__WHAT YOU SHOULD DO__:
All of the data below must be reproduced word for word, but without its images.

__MATERIAL PROVIDED__:
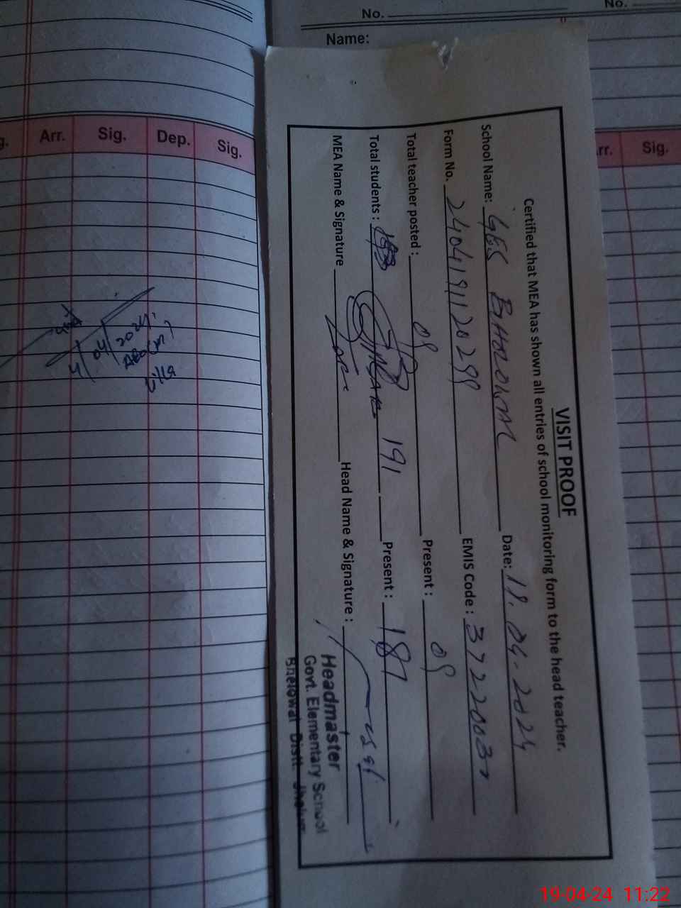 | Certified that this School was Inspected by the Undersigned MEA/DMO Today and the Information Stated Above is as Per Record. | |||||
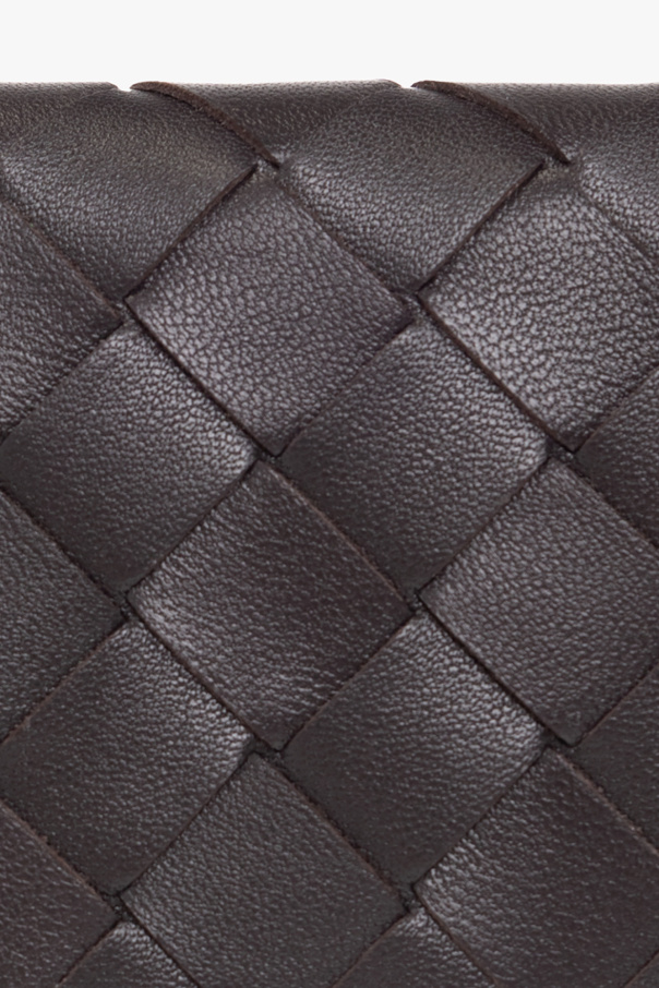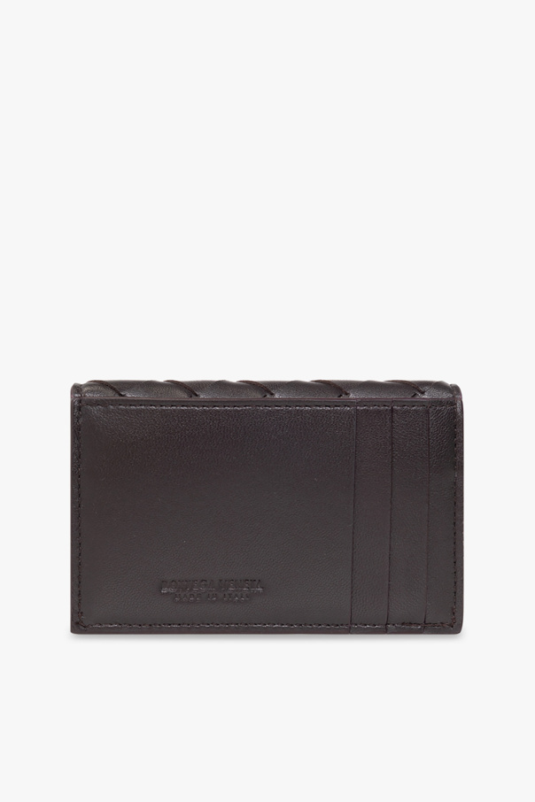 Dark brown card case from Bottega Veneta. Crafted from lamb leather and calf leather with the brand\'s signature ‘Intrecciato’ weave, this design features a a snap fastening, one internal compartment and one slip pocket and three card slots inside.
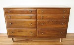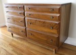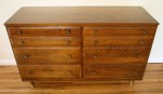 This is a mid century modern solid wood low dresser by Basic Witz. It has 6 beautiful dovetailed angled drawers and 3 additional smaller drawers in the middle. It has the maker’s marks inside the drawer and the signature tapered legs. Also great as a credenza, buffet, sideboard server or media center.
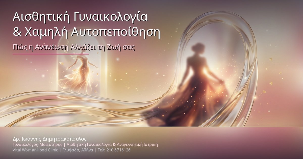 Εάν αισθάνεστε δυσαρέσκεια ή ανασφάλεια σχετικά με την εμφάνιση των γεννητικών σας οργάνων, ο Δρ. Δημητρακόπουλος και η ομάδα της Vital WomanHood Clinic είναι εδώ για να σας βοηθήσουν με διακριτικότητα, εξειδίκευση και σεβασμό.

__EXERCISE RESPONSE__:
 | Certified that this School was Inspected by the Undersigned MEA/DMO Today and the Information Stated Above is as Per Record. | |||||
 Dark brown card case from Bottega Veneta. Crafted from lamb leather and calf leather with the brand\'s signature ‘Intrecciato’ weave, this design features a a snap fastening, one internal compartment and one slip pocket and three card slots inside.
 This is a mid century modern solid wood low dresser by Basic Witz. It has 6 beautiful dovetailed angled drawers and 3 additional smaller drawers in the middle. It has the maker’s marks inside the drawer and the signature tapered legs. Also great as a credenza, buffet, sideboard server or media center.
 Εάν αισθάνεστε δυσαρέσκεια ή ανασφάλεια σχετικά με την εμφάνιση των γεννητικών σας οργάνων, ο Δρ. Δημητρακόπουλος και η ομάδα της Vital WomanHood Clinic είναι εδώ για να σας βοηθήσουν με διακριτικότητα, εξειδίκευση και σεβασμό.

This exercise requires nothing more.